I'm glad they decided to be inclusive since 100-200 million people were using emoji before they got added to unicode and without adding them all of those people's conversations and communication patterns would have been pissed on and likely those countries with high populations of people using them would never have switched to unicode because their customers would have demanded to keep them which would mean we'd have the nightmare of multiple encodings again. No thanks.
I love emoji and have since I started using them in 1999 (weren't added to unicode til 2010). Most of my friends and family love them, it makes their communication richer and more easily nuanced so I'm really glad they were added.
whether you like the emojis or not, they've certainly helped to drive unicode adoption. Good luck making the business case for why you're building support for some obscure international character set into your product, but tell somebody you're adding support for the latest emojis and all of a sudden having unicode 10 support is a big deal.
IMO Unicode shouldn't have ever added characters with color. Let color be the property of the markup. The original emoji were all monochrome, and mainly displayed on monochromatic flip-phone screens. The fact that there now exist emoji that are otherwise identical but have different color is absolutely idiotic.
Emoji were in color before they were added to Unicode. Even the original iPhone 3G Emoji release pre-dated their addition to Unicode (Apple used the SoftBank encoding). They were even in color on flip phones as far back as 1999 https://emojipedia.org/softbank/1999/
That doesn't add colour to, say, the smiley face, it just changes the colour from the default, usually yellow.

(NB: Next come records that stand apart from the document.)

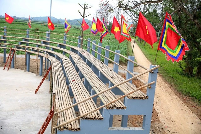 Sân vận động tre 2.000 chỗ ngồi nổi bật giữa không gian làng quê, trở thành điểm nhấn của lễ hội năm nay. Sân đang được kiểm tra và hoàn tất nhưng khâu cuối cùng để chuẩn bị cho ngày khai hội sẽ diễn ra vào 19/3. |
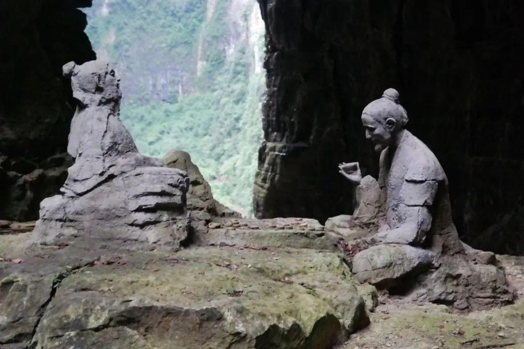 天龙桥下有隐士对弈的雕塑,悠然自得,令人向往:
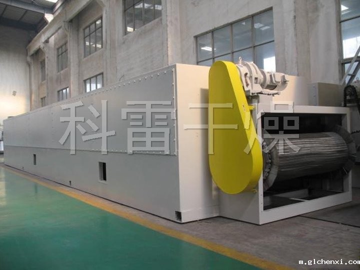 整个生产线为全封闭型(对物料而言),由摆动布料段、干燥段、出料段三部分组成。摆动布料段作用使海藻均匀分散在网板上,并且匀速输送到干燥段,海藻经过80℃热风干燥段,90℃热风干燥段和120℃热风干燥段后,再经过出料段排料。循环风向及各单元内风的循环为向下式,即加热后的空气由引风机吸入,在风机出风口首先预分布再经过孔板均风后,热风从物料的下面向上(或从物料的上面向下)穿透物料层。
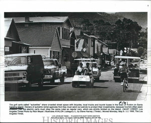 1988 Press Photo Golf Carts & Bicycles Share Street on Catalina Island.
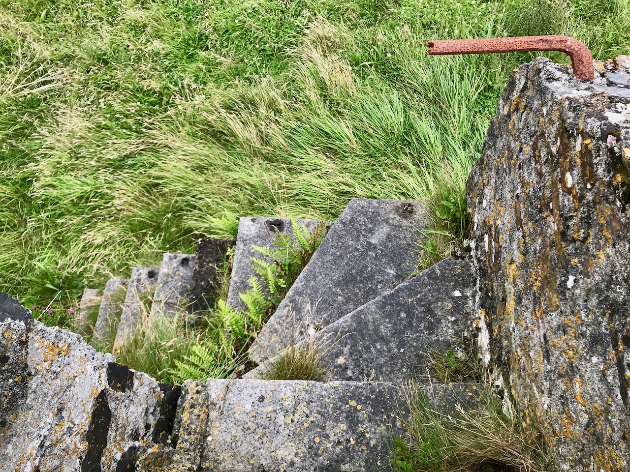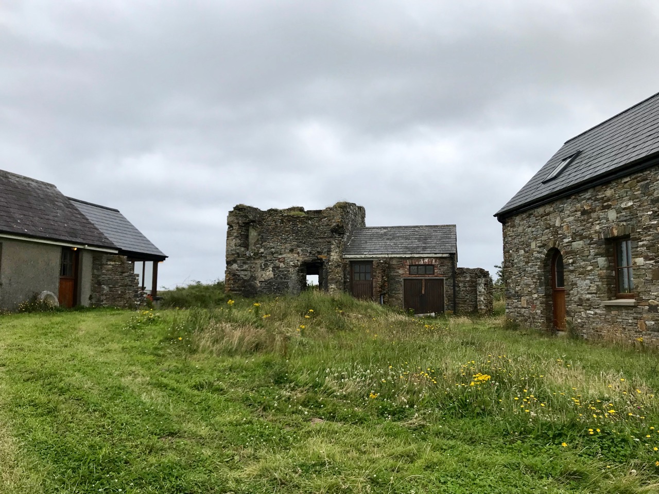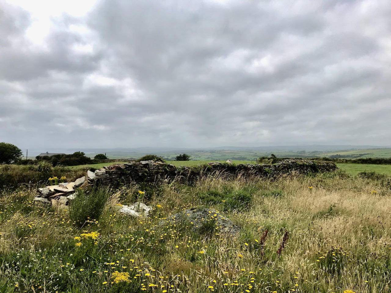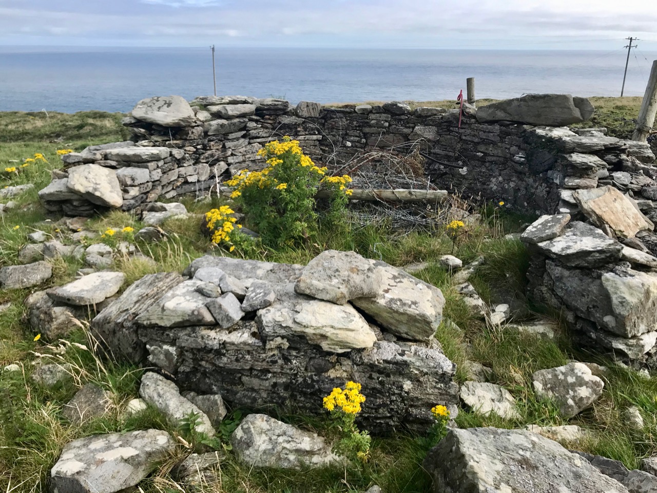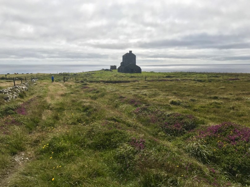 What might it be? A mine chimney? But the Mizen Head Copper Mine was a long way from here (refer to the annotated aerial view). The size and shape resemble a gunpowder magazine which we came across at Dhurode Mine, on the north side of the peninsula. The only reason for having a gunpowder store at a signal station would be for a fog signal operated by explosives, as was the case at the Fog Signal Station lower down the Head, built in the early twentieth century. This is clearly much earlier. The dreamer in me pictures, rather, a hut lived in by a medieval hermit, supported by a local monastic settlement to keep beacons burning on Ireland’s headlands in perpetuity. Like the round towers, these were signals to travellers in ancient times that here might be found a haven. For seafarers, perhaps, this one signalled the gateway to a fertile land of enlightenment.

As well as adding colour browsers display emoji at a larger point size. It is really annoying when some pre-emoji symbol (like the phases of the moon in TFA) gets emojified and where your document had some discreet use of symbols it now has huge colourful icons drawing the eye.
And afaict there is no way of turning off this behaviour globally.
There are at least 7 variations of the heart symbol ️ differing only in color ️🧡, not including the heart (playing card) which also has multiple variations.
Edit: apparently HN limits the number of emoji per post, I originally included several.
Redundancy has never been a problem with Unicode. After the decision was made to add the symbols of the original encoding to the list of Unicode characters, they had to add all heart variation, otherwise it wouldn't have been able to be backward compatible.
Or alternatively add a color modifier? I'm not sure that would have been a better solution.
> apparently HN limits the number of emoji per post, I originally included several.
I am surpeised HN allows any emoji an all. Pretty sure they have been totally banned in the past. It seems like the orange heart is now (or has always been) whitelisted. 🧡🧡🧡
I didn't take it the GP was talking about Animoji, as those are motion-captured, rendered in 3D and sent as pre-rendered video files (GP mentioned something that could be represented as animated SVG). I don't think anyone is proposing a way to encode facial motion-capture into Unicode.
A graphical or iconographic concept that cannot be unambiguously represented by a single character in any natural language and which does not have a single standardized rendering (e.g. the Power symbol does have a single standard rendering and is therefore not an emoji).
I'm no character or Unicode expert - that's just a wild stab in the dark, largely based on why I dislike emoji being in Unicode.
My sister pointed out that I'm a little random about mixing them. I use both, based solely on what I feel like typing at the time. And I'm acutely aware that the emojis she sees are not the ones I do, but the ASCII ones are pretty much the same, since I use Android and she's an Apple-head.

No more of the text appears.